**WHAT IS BEING ASKED**:
Repeat all the lines below exactly, but omit the pictures.

Stored items
● ● ● ● ●

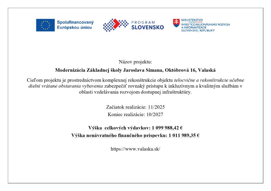 Názov projektu: Modernizácia Základnej školy Jaroslava Simana, Októbrová 16, Valaská Cieľom projektu je prostredníctvom komplexnej rekonštrukcie objektu telocvične a rekonštrukcie učebne dielní vrátane obstarania vybavenia zabezpečiť rovnaký prístupu k inkluzívnym a kvalitným službám v oblasti vzdelávania rozvojom dostupnej infraštruktúry. Začiatok realizácie: 11/2025 Koniec realizácie: 10/2027 Výška celkových výdavkov: 1 099 988,42 €Zverejnené 15.1.2026
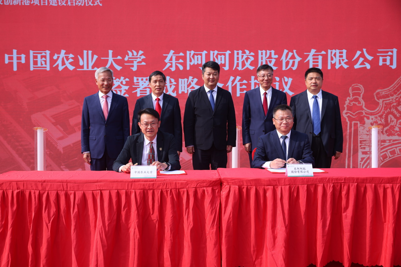 10月12日,國家農(nóng)業(yè)科技創(chuàng)新港項目建設(shè)啟動儀式在北京市平谷區(qū)舉行。儀式上,中國農(nóng)業(yè)大學與東阿阿膠股份有限公司(以下簡稱“東阿阿膠”)簽署了全面戰(zhàn)略合作協(xié)議,雙方將共同建設(shè)首個在國家農(nóng)業(yè)科技創(chuàng)新港落地的新型研發(fā)機構(gòu)“產(chǎn)業(yè)創(chuàng)新研究院”。
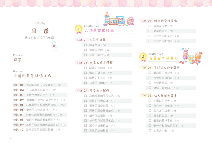 本书通过解答小白简笔画入门的10个问题引入正文,然后列举了21个主题的案例,包括人物、食物、大自然、旅行、手帐等实用主题。你只需拿起笔,跟着书中的简单步骤学习,就能轻松掌握简笔画的各种技巧。本书全部案例均使用水彩色铅笔绘制,和普通的笔不一样,水彩色铅笔可以用水将颜色溶开,使作品画出水彩一般的效果。让你同时体会到彩铅的细腻与水溶的魔力。面对如此有趣的绘画方式,快来跟着飞乐鸟一起来试试看吧!
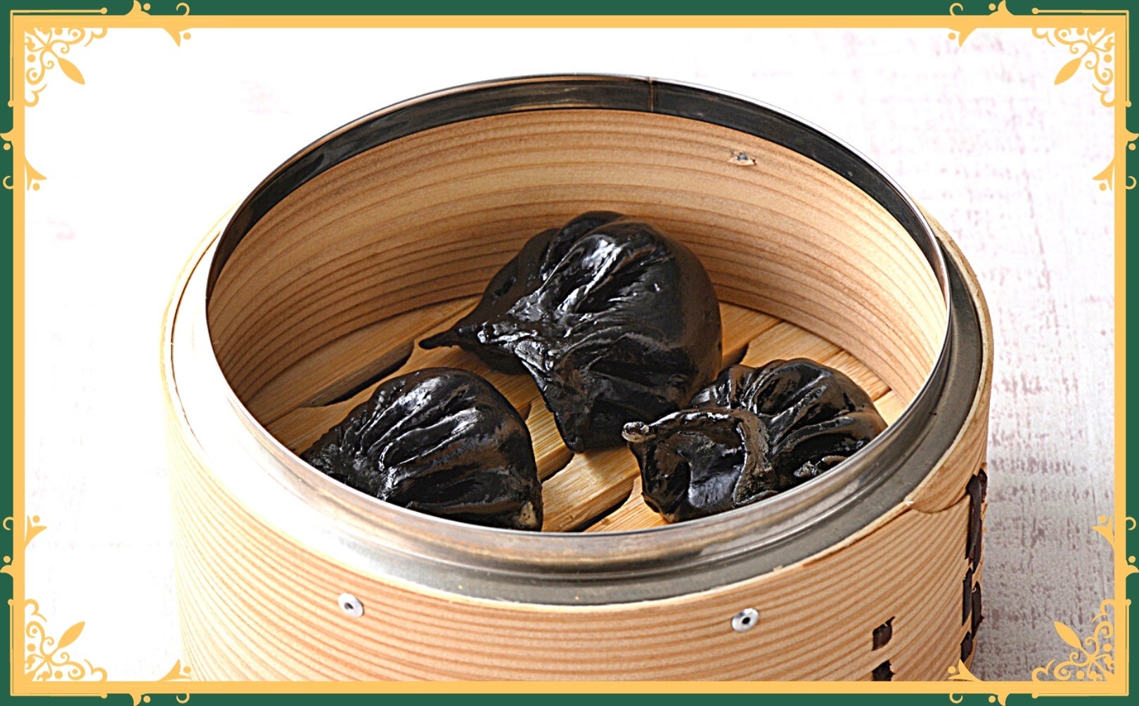 インパクト大の真っ黒なビジュアル!3大珍味の一つとし名高い、濃厚で芳醇なトリュフの風味が口の中に広がる『トリュフ入り餃子』。(プレミアムコース限定)
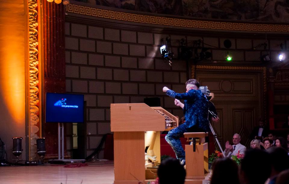 Asemenea unui star rock, artistul american, cu tunsoare ciudată şi costum fistichiu, a umplut scena cu sunete. Iar eu m-am bucurat teribil să-l ascult cântând la orga Ateneului Român; o orgă frumoasă, cu sunet extraordinar, o sinteză între romantic şi baroc, construită în Germania, în 1939, în atelierul lui Oscar Walcker, chiar la iniţiativa lui George Enescu; şi instalată în acelaşi an 1939 la Ateneul Român de muncitori nemţi de la fabrica Walcker – muncitori fericiţi că se află aici, la Bucureşti, instalând o orgă, şi nu în Germania, unde începuse deja cel de-Al Doilea Război Mondial. „În vremuri ca acestea, până şi orgile devin baricade”, a scris unul dintre ei pe o bucată de hârtie; iar mesajul a traversat timpurile.
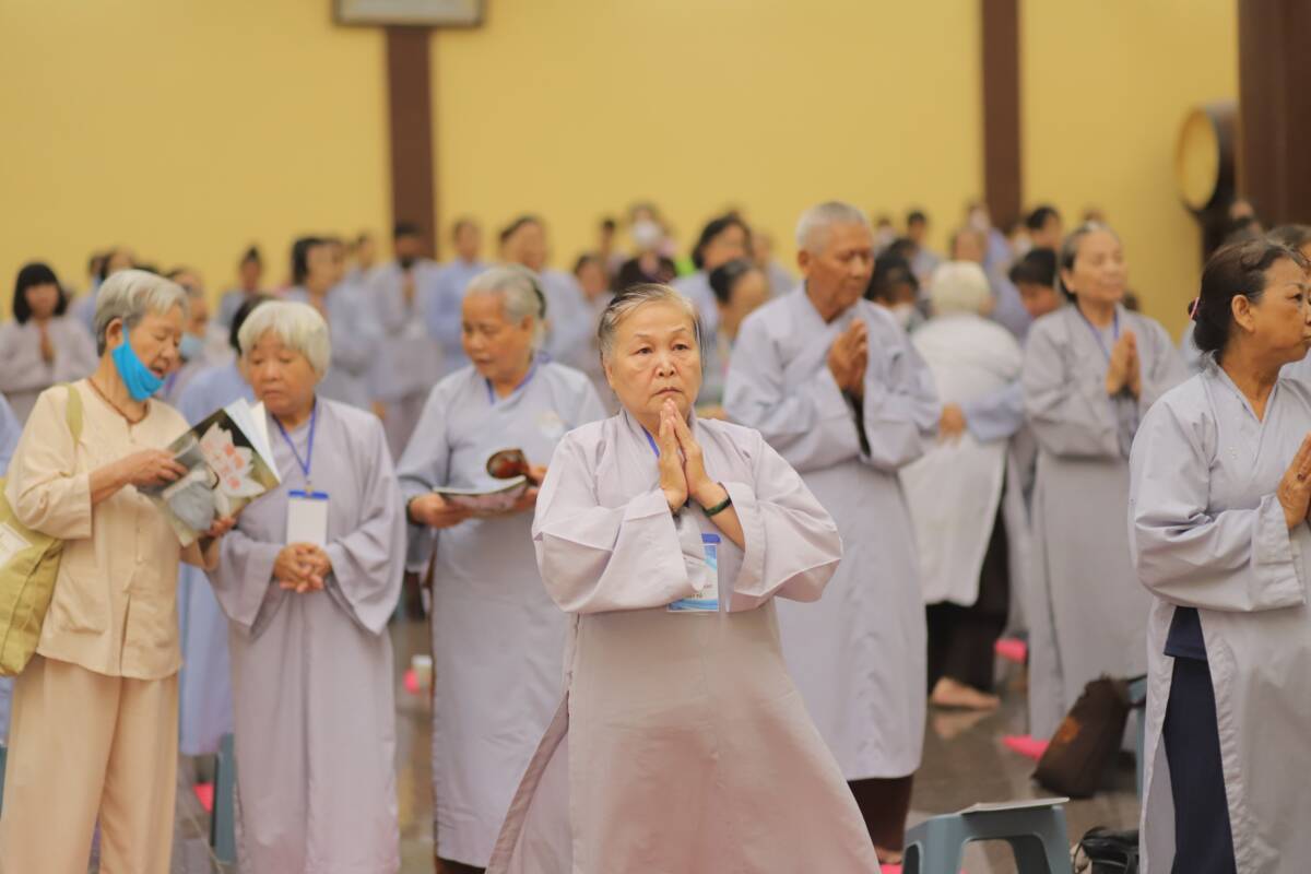 Sau thời Pháp thoại là thời khóa niệm Phật. Thầy Huệ Minh đã giảng về ý nghĩa của việc trì niệm danh hiệu Phật “Niệm Phật để suy nghĩ đến tướng tốt, đức hạnh của chư Phật mà noi theo tu tập, tự nhủ luôn sửa đổi để tâm tính ngày càng tốt hơn. Phật làm tâm hồn lắng dịu, bỏ dần tính ác, phát triển hạnh lành, quên đi đau buồn sợ hãi, đời sống được an vui, đem lại thiện nghiệp cho mình và mọi người.”
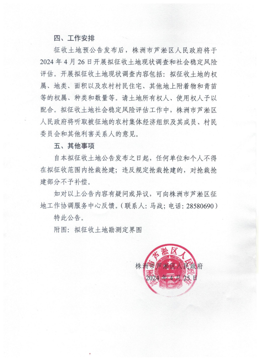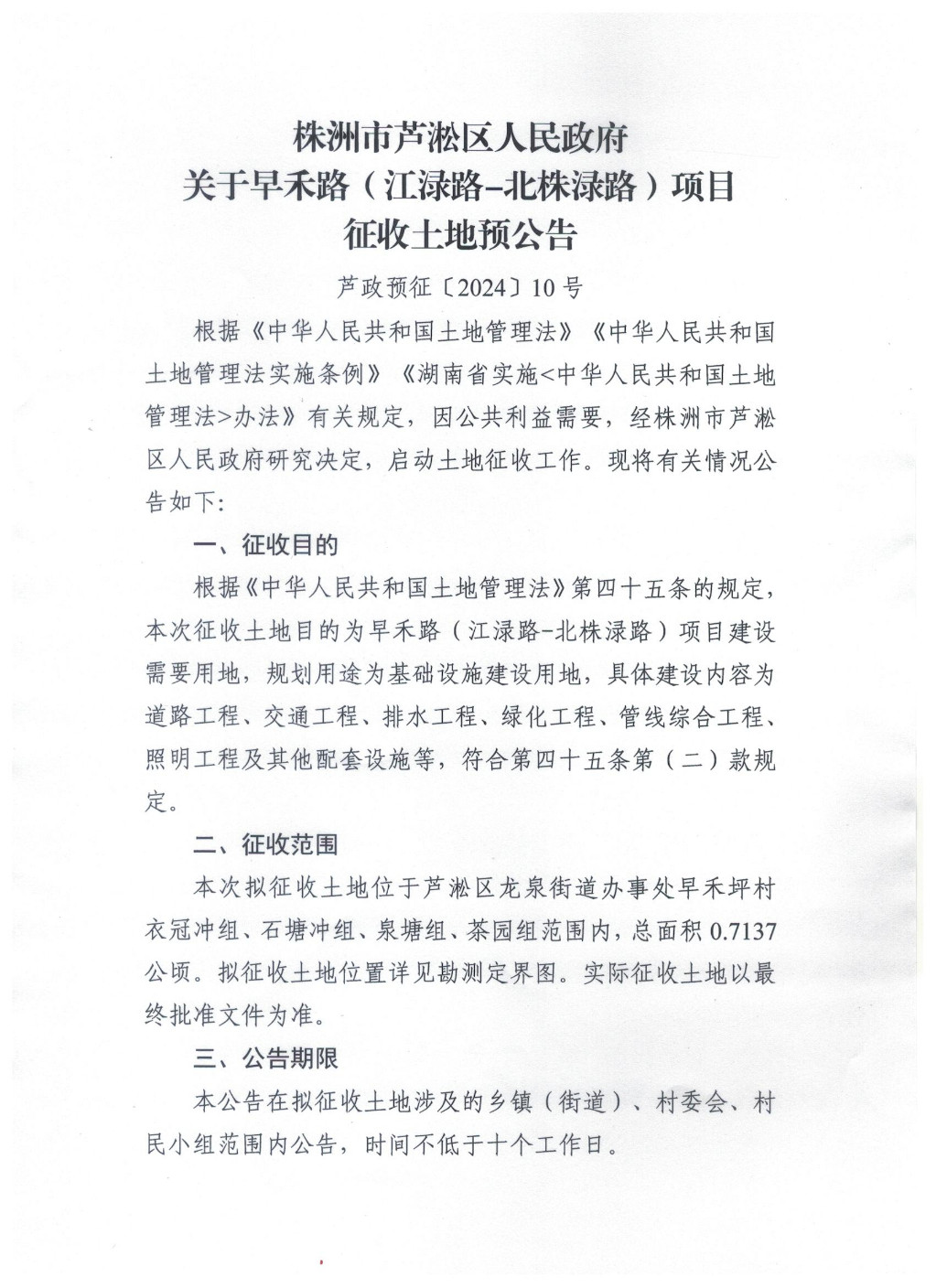 株洲市芦淞区人民政府关于早禾路(江渌路-北株渌路)项目征收土地预公告(芦政预征〔2024〕10号)
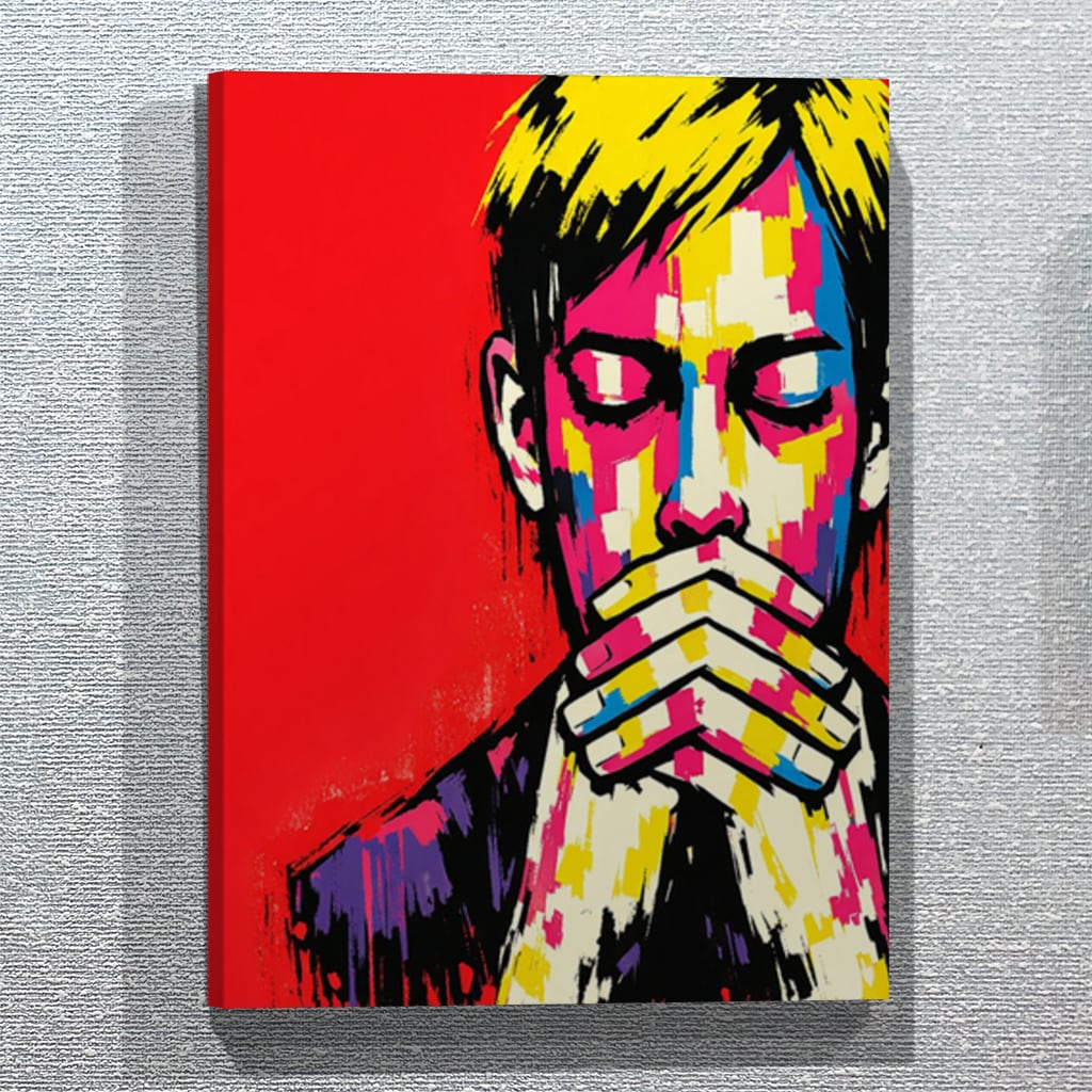 口を覆う手は、" トラブル回避 " という名の万能アイテム。赤い背景は「 ここから先は空気を読んでください」という無言のサイン。

● ● ● ● ●

**PROBLEM SOLUTION**:
 Názov projektu: Modernizácia Základnej školy Jaroslava Simana, Októbrová 16, Valaská Cieľom projektu je prostredníctvom komplexnej rekonštrukcie objektu telocvične a rekonštrukcie učebne dielní vrátane obstarania vybavenia zabezpečiť rovnaký prístupu k inkluzívnym a kvalitným službám v oblasti vzdelávania rozvojom dostupnej infraštruktúry. Začiatok realizácie: 11/2025 Koniec realizácie: 10/2027 Výška celkových výdavkov: 1 099 988,42 €Zverejnené 15.1.2026
 10月12日,國家農(nóng)業(yè)科技創(chuàng)新港項目建設(shè)啟動儀式在北京市平谷區(qū)舉行。儀式上,中國農(nóng)業(yè)大學與東阿阿膠股份有限公司(以下簡稱“東阿阿膠”)簽署了全面戰(zhàn)略合作協(xié)議,雙方將共同建設(shè)首個在國家農(nóng)業(yè)科技創(chuàng)新港落地的新型研發(fā)機構(gòu)“產(chǎn)業(yè)創(chuàng)新研究院”。
 本书通过解答小白简笔画入门的10个问题引入正文,然后列举了21个主题的案例,包括人物、食物、大自然、旅行、手帐等实用主题。你只需拿起笔,跟着书中的简单步骤学习,就能轻松掌握简笔画的各种技巧。本书全部案例均使用水彩色铅笔绘制,和普通的笔不一样,水彩色铅笔可以用水将颜色溶开,使作品画出水彩一般的效果。让你同时体会到彩铅的细腻与水溶的魔力。面对如此有趣的绘画方式,快来跟着飞乐鸟一起来试试看吧!
 インパクト大の真っ黒なビジュアル!3大珍味の一つとし名高い、濃厚で芳醇なトリュフの風味が口の中に広がる『トリュフ入り餃子』。(プレミアムコース限定)
 Asemenea unui star rock, artistul american, cu tunsoare ciudată şi costum fistichiu, a umplut scena cu sunete. Iar eu m-am bucurat teribil să-l ascult cântând la orga Ateneului Român; o orgă frumoasă, cu sunet extraordinar, o sinteză între romantic şi baroc, construită în Germania, în 1939, în atelierul lui Oscar Walcker, chiar la iniţiativa lui George Enescu; şi instalată în acelaşi an 1939 la Ateneul Român de muncitori nemţi de la fabrica Walcker – muncitori fericiţi că se află aici, la Bucureşti, instalând o orgă, şi nu în Germania, unde începuse deja cel de-Al Doilea Război Mondial. „În vremuri ca acestea, până şi orgile devin baricade”, a scris unul dintre ei pe o bucată de hârtie; iar mesajul a traversat timpurile.
 Sau thời Pháp thoại là thời khóa niệm Phật. Thầy Huệ Minh đã giảng về ý nghĩa của việc trì niệm danh hiệu Phật “Niệm Phật để suy nghĩ đến tướng tốt, đức hạnh của chư Phật mà noi theo tu tập, tự nhủ luôn sửa đổi để tâm tính ngày càng tốt hơn. Phật làm tâm hồn lắng dịu, bỏ dần tính ác, phát triển hạnh lành, quên đi đau buồn sợ hãi, đời sống được an vui, đem lại thiện nghiệp cho mình và mọi người.”
 株洲市芦淞区人民政府关于早禾路(江渌路-北株渌路)项目征收土地预公告(芦政预征〔2024〕10号)
 口を覆う手は、" トラブル回避 " という名の万能アイテム。赤い背景は「 ここから先は空気を読んでください」という無言のサイン。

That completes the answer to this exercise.